Darwinists assert that humans are undergoing natural selection, too. Therefore, evolution is a fact. Is the latest claim about “humans still evolving” all wet?

In a recent article on sea turtles, we weighed the evolutionary idea that “opportunity shapes adaptation.” We asked, “Well, if opportunities can shape adaptations, we should see human mermaids by now, shouldn’t we?” Almost immediately, news articles start appearing promoting the idea that some groups of people are indeed evolving into free-divers. For instance, Jan Hoole at The Conversation writes, “Are humans still evolving? Freediving people have evolved to stay underwater longer.” This deserves some scrutiny. Is it really natural selection in action? Hoole writes:

The deepest dive recorded by the free-diving Bajau Laut people of Southeast Asia was to an impressive 79 metres [260 feet], and the longest time spent underwater by them was just over three minutes. Although the Bajau do not dive to these depths or for this length of time during their day-to-day fishing, they spend up to 60% of their working life underwater.

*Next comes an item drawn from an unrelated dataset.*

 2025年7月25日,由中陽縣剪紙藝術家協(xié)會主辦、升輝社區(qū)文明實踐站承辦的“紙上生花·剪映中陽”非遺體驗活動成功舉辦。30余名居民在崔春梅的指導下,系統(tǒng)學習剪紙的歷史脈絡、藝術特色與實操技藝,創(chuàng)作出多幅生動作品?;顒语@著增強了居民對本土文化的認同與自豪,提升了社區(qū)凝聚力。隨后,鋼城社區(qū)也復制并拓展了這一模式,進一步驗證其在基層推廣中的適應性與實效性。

New research published in the journal Cell shows that they have some physical and genetic adaptations to help them make these amazing dives. It seems that, although we tend to see ourselves as at the pinnacle of the natural world, evolution still has a grip on some groups of people. It is changing them to better suit their environment and their unusual lifestyle. [Emphasis added.]

The journal article speaks of “Physiological and Genetic Adaptations to Diving in Sea Nomads.” Legs turning into flippers could not be far behind! Here are some highlights of the study by Llardo et al.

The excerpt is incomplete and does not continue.